Cut to today, and the Stars have won five straight games, and in regulation, no less. Granted, December and January both saw four-game losing streaks as well, but something about coming out of the break with a winning streak feels different. Maybe it’s beating Nashville on the road, or maybe it’s just the Stars scoring more than two goals in three straight games. Either way, we’re here to celebrate it.

The “how” of this one was all over the place. The Stars didn’t play the tight defense that is being touted as their new identity, choosing instead to go a crazy +3 on special teams while racking up yet another third period surge to grab two points.

And, much like this season, you wouldn’t have guessed it would go down like that after the beginning. A lackluster first power play followed by a Alex Radulov-led line change from hell saw the Stars go down 1-0 after a 3-on-2 rush, and despite some chances, it was really the Ben Bishop show, including a world-class stop on Vinnie Hinostroze off a 3-on-1(!) that kept it that way. Does this game look very different if it’s a 2-0 score heading into the middle frame? Well, yeah, it looks one goal different. What a silly question.
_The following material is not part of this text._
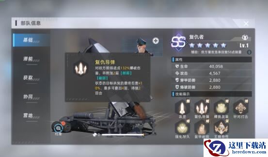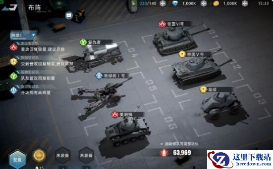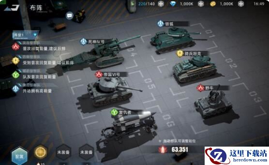1、以帝国Ⅵ号+复仇者两款G系部队来搭建该阵容的核心,帝国Ⅵ号有着强力的单排AOE技能,特别是5星后解锁技能【伪装战术】后,更是攻防兼备;而复仇者则是攻击地方后排,与帝国Ⅵ号攻击范围互补,并且附带【削弱】效果,双双搭配爆发惊人。

Jamie Benn and Richard Panik’s little nonsense led to some 4-on-4 time, and that’s just the latest in a series of Jamie Benn Incidents that make you think he’s doing quite a bit of Leadershipping out there. Anton Khudobin can confirm this, I am sure.

That 4-on-4 belied the end result of this game though, as Seguin would miss a great chance right before the Oliver Ekman-Larsson goal to break the ice. If you’ve ever wondered what the Stars would feel like with John Klingberg and without Jamie Benn and Tyler Seguin, Arizona has been a pretty good representation. Please shudder.

Officiating was odd Monday, as a Hjalmarsson slash on Comeau went uncalled (as well as a late hit on Andrew Cogliano). That’s why Modano got so good at the glove shake after a slash, right? Make the officials notice the call, and if you’re earning it, they’ll be likely to give it. In theory, at least. Heiskanen’s snap-back-to-reality move failed to draw a call for Dallas at the end of Arizona’s first power play, so maybe a second power play just wasn’t in the cards for Dallas in the first period. As it turned out, there would be plenty more, just not in the way you’d have thought.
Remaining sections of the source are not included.